**What the task requires:** Could you repeat the entries below exactly, but only from the line with "Shake Weight for" through the line with "To connect Shopify", and without any picture?

**Provided records:**
--------------------------------------------------

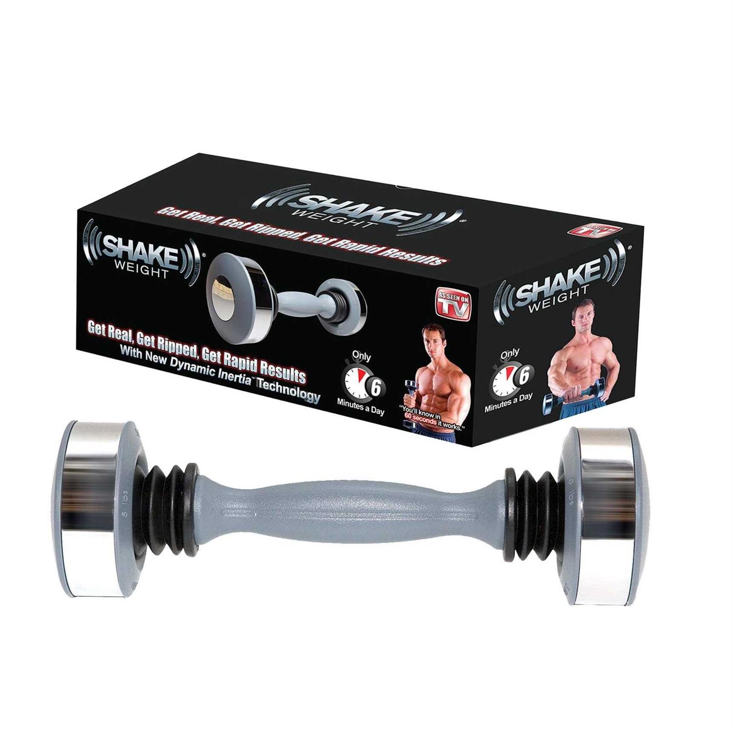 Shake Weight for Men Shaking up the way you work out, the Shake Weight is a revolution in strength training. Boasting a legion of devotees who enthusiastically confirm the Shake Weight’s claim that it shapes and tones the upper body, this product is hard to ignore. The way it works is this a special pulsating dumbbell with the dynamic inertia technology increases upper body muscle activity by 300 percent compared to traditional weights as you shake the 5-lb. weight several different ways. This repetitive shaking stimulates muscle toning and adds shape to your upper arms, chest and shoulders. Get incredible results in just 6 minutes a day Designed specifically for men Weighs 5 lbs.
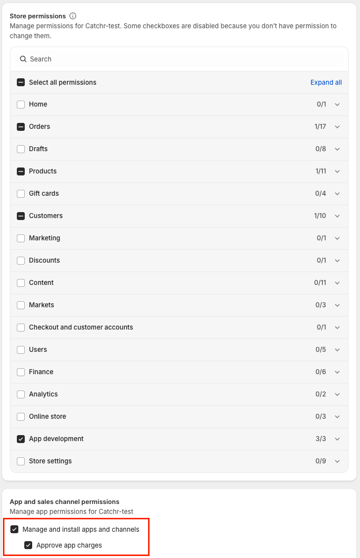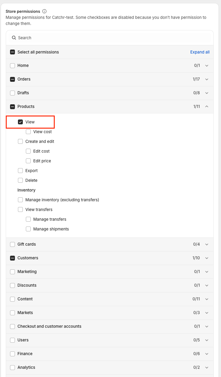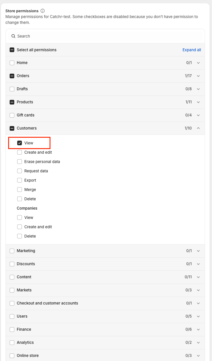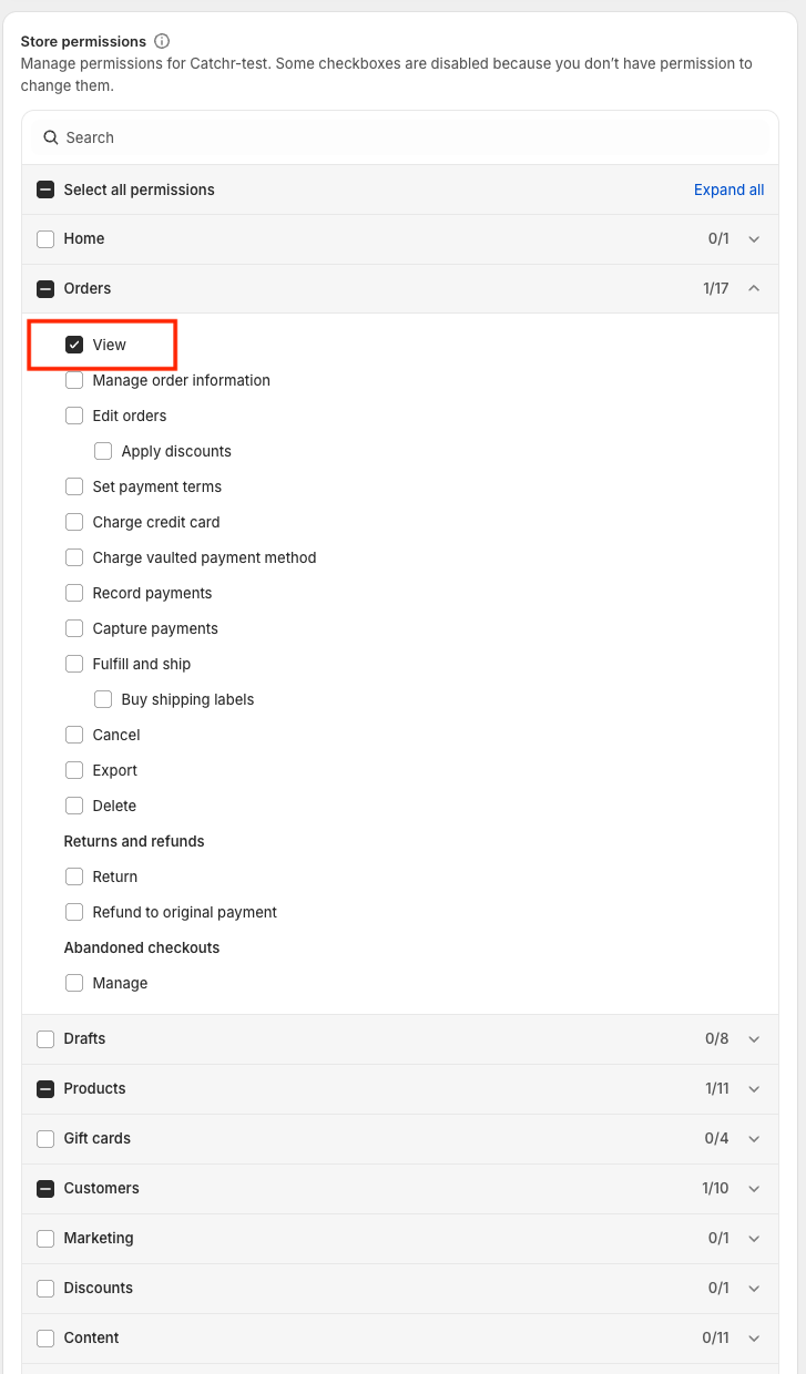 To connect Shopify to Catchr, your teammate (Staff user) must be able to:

--------------------------------------------------

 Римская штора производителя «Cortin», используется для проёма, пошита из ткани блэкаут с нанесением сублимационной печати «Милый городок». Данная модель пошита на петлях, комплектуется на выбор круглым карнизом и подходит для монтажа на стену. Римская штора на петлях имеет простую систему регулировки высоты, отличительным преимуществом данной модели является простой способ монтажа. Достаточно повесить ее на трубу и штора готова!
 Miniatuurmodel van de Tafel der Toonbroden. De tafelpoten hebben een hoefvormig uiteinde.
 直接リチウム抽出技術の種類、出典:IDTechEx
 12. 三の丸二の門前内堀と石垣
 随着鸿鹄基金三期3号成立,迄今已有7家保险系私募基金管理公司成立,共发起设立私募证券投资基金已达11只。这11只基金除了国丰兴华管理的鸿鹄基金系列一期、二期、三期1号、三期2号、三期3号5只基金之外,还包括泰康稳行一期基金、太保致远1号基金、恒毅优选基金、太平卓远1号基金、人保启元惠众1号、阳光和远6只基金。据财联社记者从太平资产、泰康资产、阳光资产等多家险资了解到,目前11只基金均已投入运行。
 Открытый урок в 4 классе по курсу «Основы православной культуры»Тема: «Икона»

--------------------------------------------------

**Solution to this problem:**
 Shake Weight for Men Shaking up the way you work out, the Shake Weight is a revolution in strength training. Boasting a legion of devotees who enthusiastically confirm the Shake Weight’s claim that it shapes and tones the upper body, this product is hard to ignore. The way it works is this a special pulsating dumbbell with the dynamic inertia technology increases upper body muscle activity by 300 percent compared to traditional weights as you shake the 5-lb. weight several different ways. This repetitive shaking stimulates muscle toning and adds shape to your upper arms, chest and shoulders. Get incredible results in just 6 minutes a day Designed specifically for men Weighs 5 lbs.
 To connect Shopify to Catchr, your teammate (Staff user) must be able to:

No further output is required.